As evil as treadmills can be, this absurd story demonstrates the ridiculous exercise habits of UW students. Some, like the chatty jogger, attempt to blend sweat and gossip. Others are too intense, putting themselves and others at risk. Negotiating the inconsiderate chaos of the SERF is now a workout in itself.
Cell phones are now as common as iPods at the SERF. Students cannot bear to be disconnected from the social world–not even for a half hour. Sick of their iPod playlists and MTV reruns, many carry on casual conversations as they churn away on the elliptical trainers. Lest you think that these individuals aren't serious about their workouts, fights regularly break out as patrons dispute the half-hour cardio machine time limit.
Fortunately, I have found the solution to the overcrowded cardio center: remove all handrails. Unable to lean 90 percent of their bodyweight on the rails, workouts will become much more difficult, and workouts will be over in half the time.
The woes of the SERF do not end upstairs. Many remain convinced that weight benches double as beds. Patrons regularly spend ""breaks"" sprawled out on the weight equipment, as those waiting to use the equipment look on hopelessly. Meanwhile, the bench press has replaced College Library as the social center of campus. Frat boys flock in groups to give their jaws a tiring workout, gossiping around the squat rack. Beyond constituting a fire hazard, they make it difficult for others to get in their own workouts.

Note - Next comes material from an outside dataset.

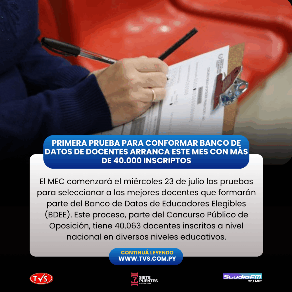 El Ministerio de Educación y Ciencias (MEC) de Paraguay dará inicio el próximo miércoles 23 de julio a las pruebas para seleccionar a los mejores docentes que integrarán el Banco de Datos de Educadores Elegibles (BDEE). Este proceso, enmarcado en el Concurso Público de Oposición, cuenta con 40.063 docentes inscriptos a nivel nacional para los niveles de Educación Inicial, 1° y 2° ciclos de la Educación Básica, 3° ciclo de la Educación Básica y Educación Media.

More motivated lifters have their own issues. The flipside of five-man lifting crews are lone wolves who place their lives at risk with every squat. Refusing a spotter, it's only a matter of time before these he-men end up with a bar on their necks.
Schwarzenegger wannabes that do request a spotter endanger two lives. Racking up obscene amounts of weight, each lift becomes a team effort, leaving the poor spotter with a herniated disk. Whether showing off for others or the beloved mirrors, no one is impressed.
The final SERF sin afflicts the noses of all. Patrons arrive at the SERF having abstained from bathing for a week. Some attempt to cover their stench with the deplorable AXE Body Spray, known to college-age males as ""shower in a bottle."" These stinkers create a nauseating halo around them, sickening fellow exercisers.
These careless SERF behaviors make regular exercise an even bigger headache. Not everyone is training for a triathlon, and working out with friends can make exercise fun, but the SERF should be a place where everyone can meet their fitness goals. Obey the time limits, share the equipment, and remember: Wearing headphones doesn't mean the rest of us can't hear you fart.